Below are some examples from the Museums Picture Collection. Please click for the bigger picture. 




Stumpy road, Crawfordjohn, about 1910

Four roads lead into Crawfordjohn village, and each had its local name that did not appear on any map. There was the “Gateside road”, from Douglas Moor, the “mill road”, from Abington, and the “pyotshaw (magpie) road” from Leadhills. This is the “stumpy road”, from Sanquhar, so called because of a tree stump, now long gone, beside the road.

Miss Marchbanks and a friend are walking towards the village from her father’s joiner’s shop at The Burn, seen in the background.

 

Bob Allan and Jean Alexander at Liscleugh Farm, 1938.

The coming of motor transport in the 20th century changed patterns of life on the hill farms that had probably altered little in centuries. For a ploughman like Bob Allan, working on an isolated farm two miles from Crawfordjohn village itself, his second-hand BSA motorcycle gave him freedom to travel that would have been unheard of only a generation before.

Jean Alexander was the niece of the man who farmed Liscleugh. After she married Bob Allan, the couple went to live at Strathaven.

 

  An Upland Shepherd, 1950-1955

Jimmy McKay was shepherd at Gilkerscleugh Mains Farm, Crawfordjohn in the 1950s. The picture shows him with part of his flock of Blackfaced sheep (generally known as “Blackies”), against the treeless, upland landscape. From the size of their horns, these are “hoggs” - last year’s lambs, which are counted as one year old from 1st January, regardless of when they were actually born. They are in full fleece, which suggests the picture was taken in April or May, before “hogg clipping”, which takes place in June.

Neighbours shared the work during “the clippings”, all helping each other in turn. It was a highly social occasion and provided an opportunity for the farmers to view each other’s livestock.


  Mr Bain, travelling greengrocer, Douglas, 1930s

Shopping was not easy in the Southern Uplands. Crawfordjohn’s nearest towns, Lanark, Biggar and Sanquhar, were all at least two hours away by horse and would only be visited for major purchases, such as clothes or furniture. From the mid 19th century, Abington developed as a local centre with a bakery and other shops, and Crawfordjohn village had one shop that sold some of the basics. Much shopping would be done off vans and carts that visited the community.

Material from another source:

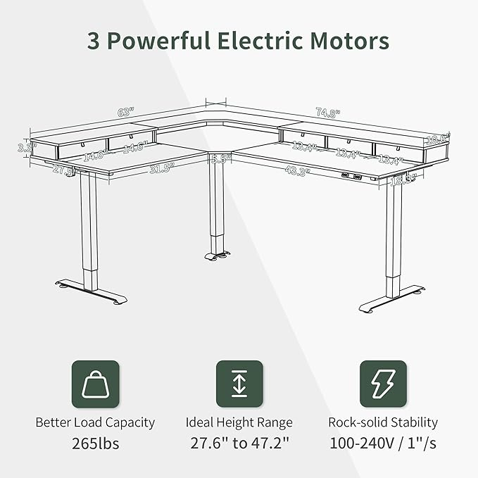 About This Triple Electric Motors: 3-Legs triple motors are faster, smoother, more stable and quieter than dual motors. Electric Height...

Mr Bain had a shop in Douglas, but also took his horse-drawn flat cart around the farms and smaller villages. In the year 2000, Bain’s van still came once a week to Crawfordjohn.


  Washday in Crawfordjohn village in the 1920s.

In the days before washing machines and biological detergents, washing the clothes and linen for a large family was a major operation, taking perhaps a whole day. Crawfordjohn village did not get mains water until the 1940s, and water had to be carried from the communal “fountain” and then heated in a coal-fired wash boiler.

This snapshot, taken during the 1920s, shows Mrs Miller and her friend standing beside washtubs and wringer, in the open air.

  Off to school, Glendorch, Crawfordjohn, August 1954

As late as the 1950s some hill farming families faced real extremes of rural isolation. Glendorch, the “dark glen”, in the hills between Crawfordjohn and Leadhills, and two miles from the nearest road, is the site of a medieval “bastle house”, or fortified farmstead. Its last occupants were a shepherd who worked for the Earl of Hopetouns estate, and his family, who lived in a cottage near the ruined bastle house. The only way that Anne Thompson, aged 8, and her brother Sandy, aged 5, could get to school in Crawfordjohn village was on Mary the farm pony. 

The photograph was taken by the “Daily Express”, which ran a news story on the challenge that faced this family in getting the children to school.